Let's do some hands on with Python.
Before you get started, we need to install lime
!pip install lime
Next, import all the required libraries
import numpy as np
import pandas as pd
from sklearn.model_selection import train_test_split
from sklearn.ensemble import RandomForestRegressor
from sklearn.metrics import mean_squared_error, r2_score
Load the dataset
data_path = '/content/Life Expectancy Data.csv'
data = pd.read_csv(data_path)
print(data.head())
Let's look if there are null values in the data. There are lot of missing values in the dataset. For convenience, fill them by the mean of respective columns.
data.isnull().sum()
data = data.fillna(data.mean())
Now, let's convert categorical to numerical by using Label Encoding
# Import label encoder
from sklearn import preprocessing
# label_encoder object knows how to understand word labels.
label_encoder = preprocessing.LabelEncoder()
# Encode labels in columns 'Country, Status'.
data['Country']= label_encoder.fit_transform(data['Country'])
data['Status']= label_encoder.fit_transform(data['Status'])
data.head()
Split the data into train and test data and dividing the data dependent and independent features
train, test = train_test_split(data, test_size=0.2)
train_x = train.loc[:, train.columns != "Life expectancy "]
test_x = test.loc[:, test.columns != "Life expectancy "]
train_y = train["Life expectancy "]
test_y = test["Life expectancy "]
Now, build the model with Random Forest Regressor
model = RandomForestRegressor(max_depth=6, random_state=0, n_estimators=10)

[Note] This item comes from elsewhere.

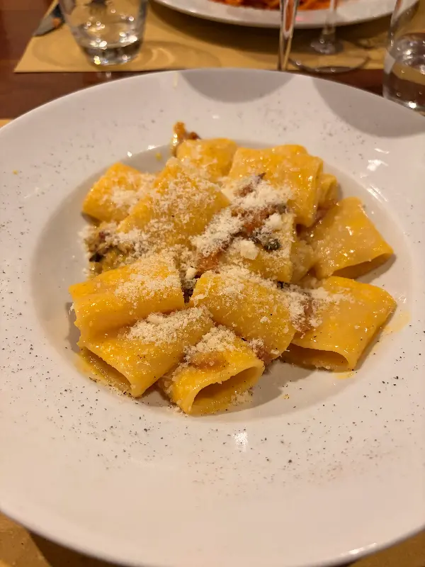 친구들과 함께 이 레스토랑에서 저녁을 먹으면서, 다양한 전통 요리를 맛볼 수 있었습니다. 저는 카초 에 페페를 먹었는데 괜찮았지만 특별할 건 없었습니다. 하지만, 다른 친구들이 주문한 메뉴들은 모두 훌륭했습니다. 특히, 리코타 치즈와 리초올레니 타르트는 정말 맛있었습니다. 여자친구와 함께 방문했을 때는, 전형적인 카르보나라와 아마트리치아나 대신, 조금 더 색다른 첫 번째 코스를 먹어봤는데, 푸짐하고 맛있었습니다. 서비스는 훌륭하고 빨랐으며, 음식의 양도 만족스러웠습니다.
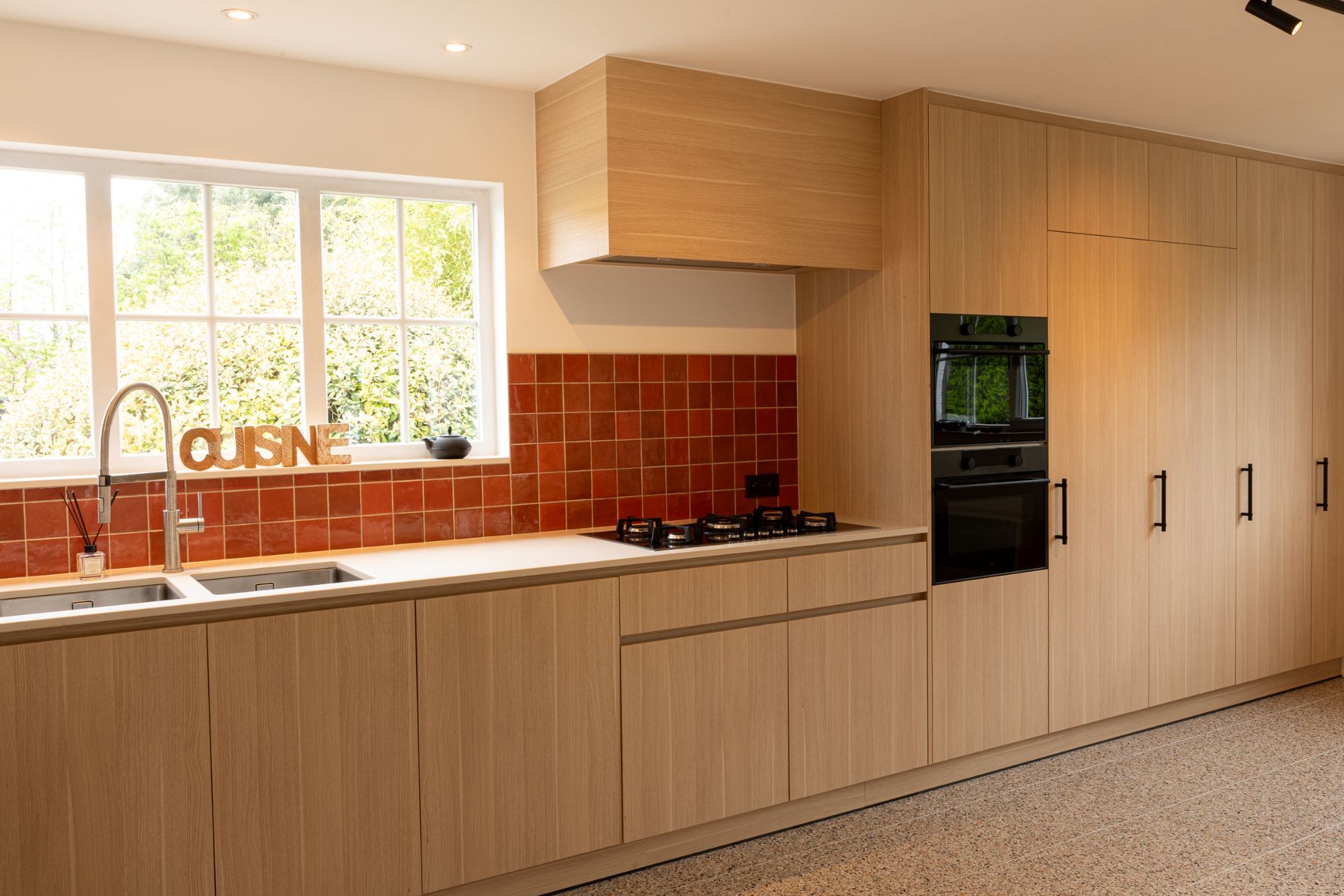 De gezelligheid strekt zich trouwens uit over de hele woning. De keuken is zo ruim en handig ingericht, dat u er gemakkelijk in groep kan koken. Leuk, toch?

model.fit(train_x, train_y)
prediction of the model
test_pred = model.predict(test_x)
print(mean_squared_error(test_y, test_pred))
print(r2_score(test_y, test_pred)*100)
Interpret model predictions with LIME. We need to import lime package
import lime
import lime.lime_tabular
Create the explainer. Lime has one explainer for all the models
explainer = lime.lime_tabular.LimeTabularExplainer(train_x.values, feature_names=train_x.columns.values.tolist(),verbose=True, mode='regression')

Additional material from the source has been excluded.